### What is being asked
Copy out exactly the lines below that run from the one holding "Seja o primeiro" to the one holding "- Design Elegante: Esta", keeping both of those lines and no others.

### Dataset records
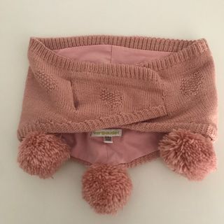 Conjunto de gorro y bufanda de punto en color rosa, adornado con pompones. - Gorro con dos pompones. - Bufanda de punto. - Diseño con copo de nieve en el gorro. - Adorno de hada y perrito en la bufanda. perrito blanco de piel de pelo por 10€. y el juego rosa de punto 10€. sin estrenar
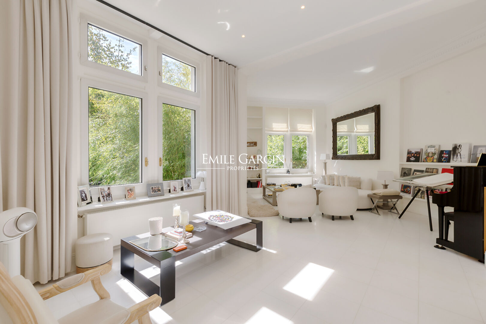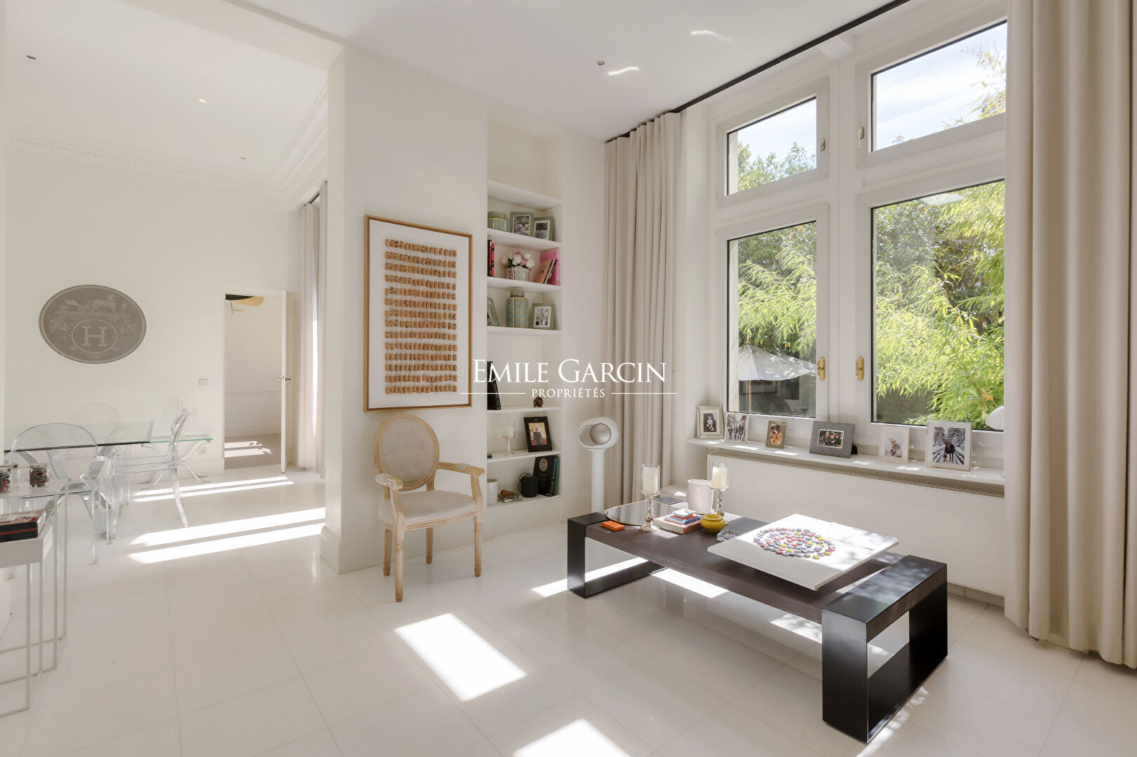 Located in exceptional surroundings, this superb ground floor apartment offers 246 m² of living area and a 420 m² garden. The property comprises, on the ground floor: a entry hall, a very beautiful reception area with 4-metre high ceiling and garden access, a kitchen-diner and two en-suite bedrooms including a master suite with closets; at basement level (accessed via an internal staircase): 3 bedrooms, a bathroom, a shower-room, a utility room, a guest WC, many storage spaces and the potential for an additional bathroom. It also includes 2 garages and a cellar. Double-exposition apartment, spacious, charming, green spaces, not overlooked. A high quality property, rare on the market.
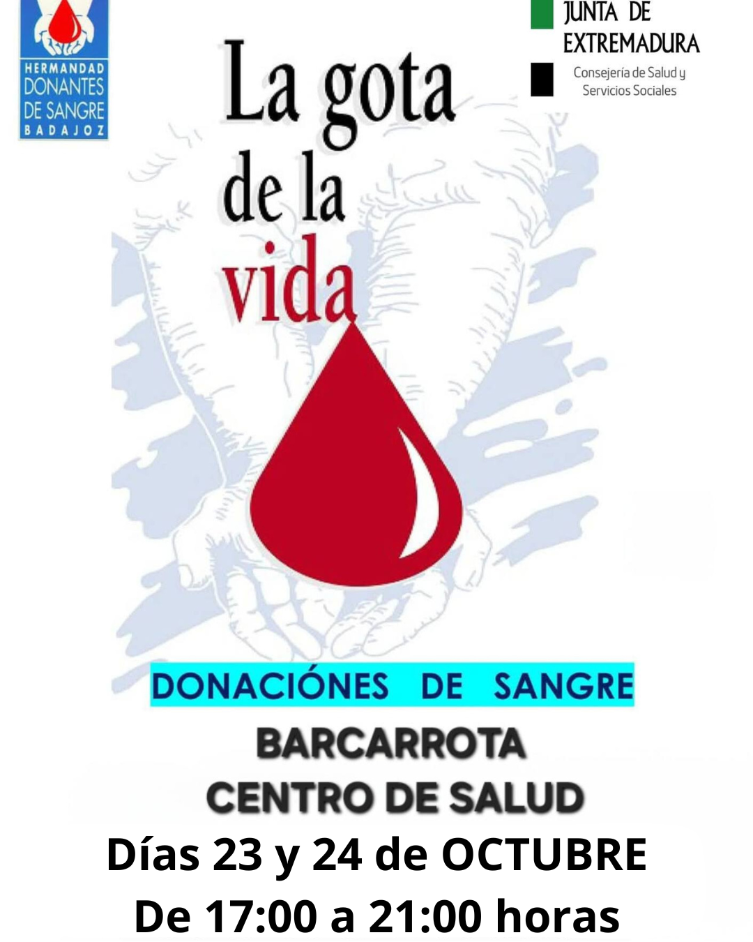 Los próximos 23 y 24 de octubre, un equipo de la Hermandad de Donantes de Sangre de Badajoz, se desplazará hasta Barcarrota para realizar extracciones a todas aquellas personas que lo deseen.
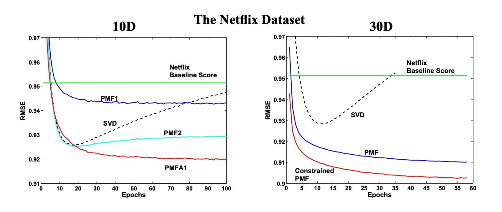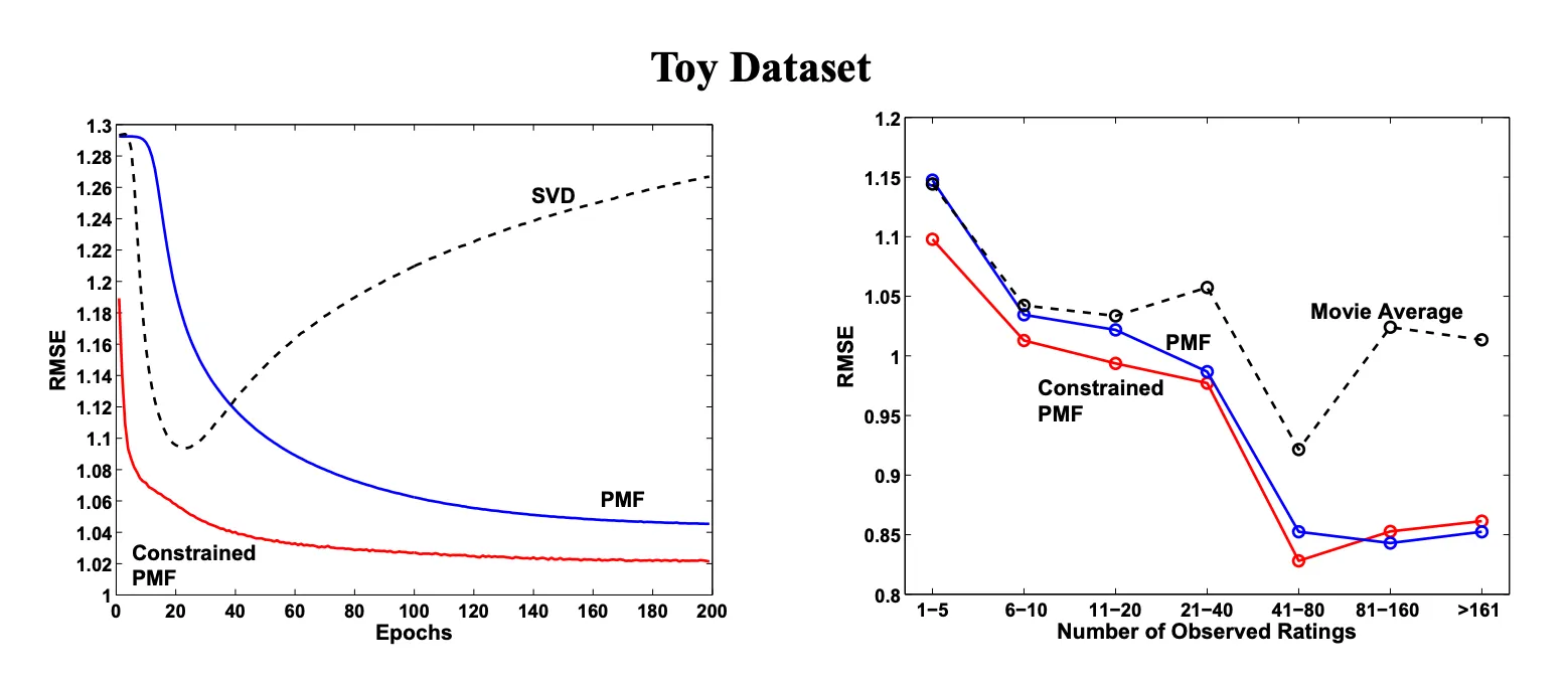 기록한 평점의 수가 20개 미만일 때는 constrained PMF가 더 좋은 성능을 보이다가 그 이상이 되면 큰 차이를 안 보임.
==
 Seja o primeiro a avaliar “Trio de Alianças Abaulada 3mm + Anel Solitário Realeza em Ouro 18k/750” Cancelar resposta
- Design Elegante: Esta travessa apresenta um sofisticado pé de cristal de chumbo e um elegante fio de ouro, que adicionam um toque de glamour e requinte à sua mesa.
* * *
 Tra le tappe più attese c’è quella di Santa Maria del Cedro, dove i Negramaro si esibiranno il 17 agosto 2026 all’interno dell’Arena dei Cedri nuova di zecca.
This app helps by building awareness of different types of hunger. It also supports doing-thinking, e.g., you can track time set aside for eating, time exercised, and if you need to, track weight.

### Result below
 Seja o primeiro a avaliar “Trio de Alianças Abaulada 3mm + Anel Solitário Realeza em Ouro 18k/750” Cancelar resposta
- Design Elegante: Esta travessa apresenta um sofisticado pé de cristal de chumbo e um elegante fio de ouro, que adicionam um toque de glamour e requinte à sua mesa.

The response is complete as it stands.